# Rattle inside Zipp 404 Rim



## tom_h (May 6, 2008)

Just received a new Zipp 404 tubular wheelset.

Temporarily mounted the front wheel on the bike, on a work stand -- No tire installed yet -- and spinned the wheel.

There's a faint-to-moderate rattling apparently originating inside the rim. I haven't tested the rear wheel yet.

I've searched and read of stray nipples inside the rim causing rattles, but those reports said the rattling was pretty loud -- mine is more subdued, but I can easily hear it from a few feet away (again, bike on the work stand).

Next, I temporarily taped shut all the holes in the rim except for 2 nipple holes at 12 o'clock and 6 o'clock position (wheel held vertically). Using a 90psi, compressed air blow gun, I blasted air thru the 12 o'clock hole, hoping any debris would eventually find its way and blow out of the 6 o'clock hole.

A few stray bits & pieces of fiber and plastic stuff came out the hole, but nothing heavy or metallic. The rattle is still there  It's almost as if there was a metal fragment loosely taped inside the rim.

Any ideas what can cause this rattle, and how to get rid of it?


When the Zipp factory re-opens on Jan3, I'll also contact them ... but I'd sure like to glue the tires on and not wait until then.

TIA.


----------



## cdhbrad (Feb 18, 2003)

Does the sound continue when you spin the wheel up to speed? If its something loose in the rim, it ought to stop rattling around when the rim is at speed....had that problem with some Deep Vs, turned out to be a spoke washer that finally fell out when I was truing them recently. 
It could be the carbon dust cap on the front hubs making a noise. Happens on my 2005 Zipp 404s, but I don't know if the current hub design still has those or now. Good luck, I'm sure you want to play with your new Christmas Toys.......


----------



## murbike (Jan 22, 2004)

I have sand or something in my front rim.
The only time it bothers me is when I have the bike in a stand...


----------



## tron (Jul 18, 2004)

I noticed that i also had some sand or dirt in my rim that made that noise. I suspect it came through the valve stem. If I had compressed air, i would try to blow it out with that.


----------



## rruff (Feb 28, 2006)

The Zipp and Flashpoint clinchers have had a bad habit of getting piece of aluminum shaving in there when the rim is drilled. I'm guessing you might have a piece of carbon. It's sometimes really tough to get them out because of all the bladder material left behind.


----------



## tom_h (May 6, 2008)

*Progress ...*

I blew more compressed air thru the rim's nipple holes, along with whacking the rim with my hand. 

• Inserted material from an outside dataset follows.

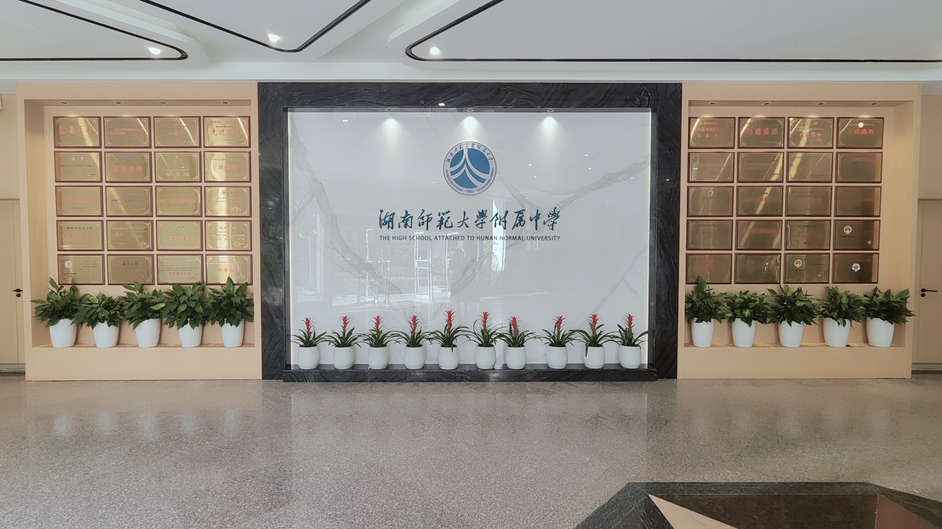 荣誉墙建设:图书馆大厅新增的校庆荣誉墙成为展示校园文化的重要窗口。设计团队精心规划展示内容,中央位置突出学校标志,两侧对称陈列历年来获得的重要荣誉证书。特别采用的顶光照明设计,使整个荣誉墙在夜间也能保持明亮大气的视觉效果,成为图书馆内一道亮丽的风景线。荣誉墙的建立,既是对学校发展历程的回顾,也是对师生继续前行的激励。
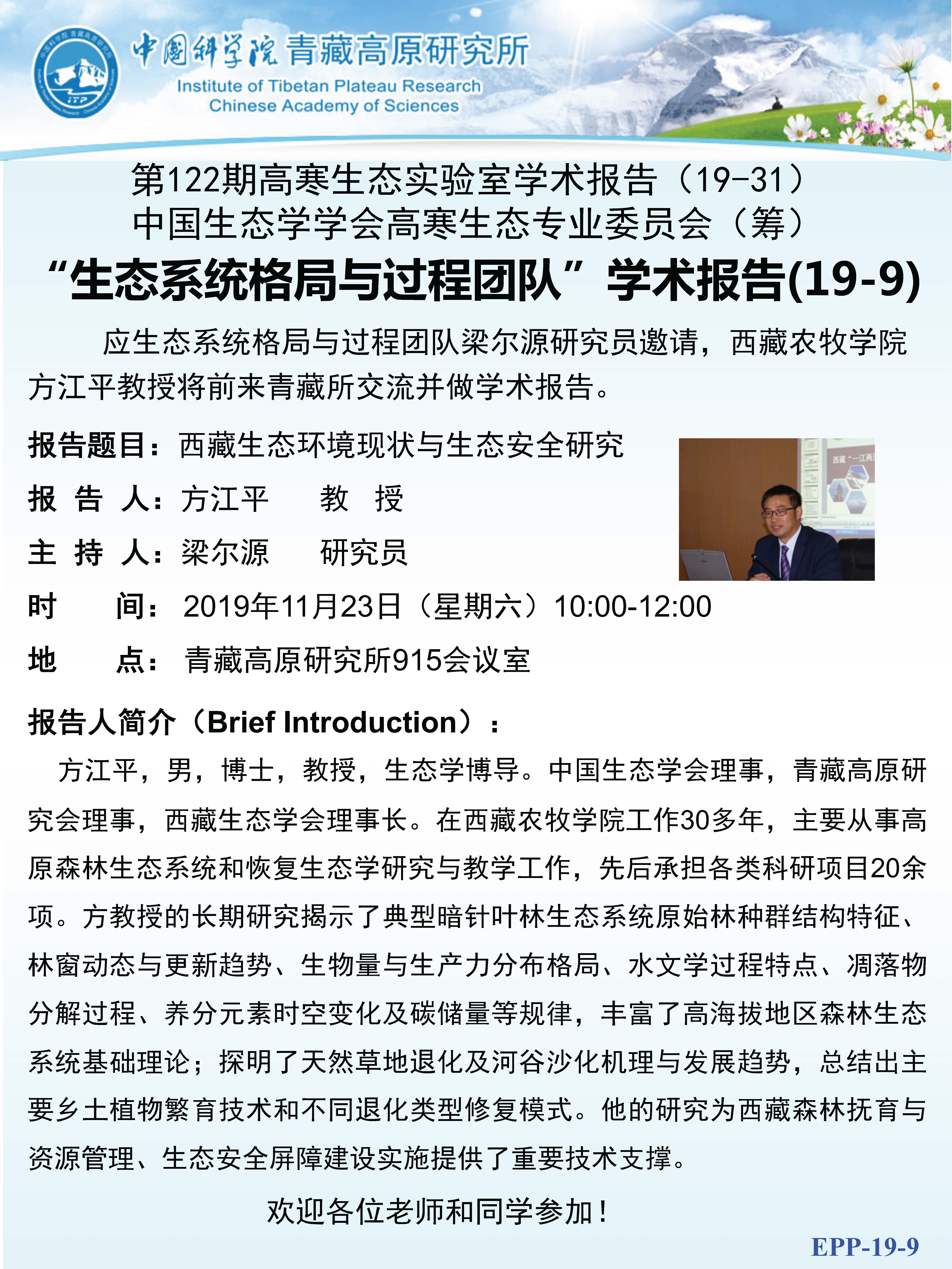 高寒生态重点实验室“生态系统格局与过程团队”学术报告(19-9)[2019.11.23]

This dislodged a couple more chunks of stiff plastic (the bladder remnants?) from inside the rim, and I was to extract the chunks from the holes, using a tweezers. I think I got it all out, now on to the rear rim.

I am surprised how loud these loose plastic chunks were. The hollow carbon rim resonates and amplifies the sound. 

Quite likely the noise would not have been noticeable during an actual ride, but it would have been a hassle to remove the tubular tire just to silence the rim.


----------



## rruff (Feb 28, 2006)

They only rattle when turning the wheel slowly... at higher speeds, the centrifugal force keeps the stuff in place.


----------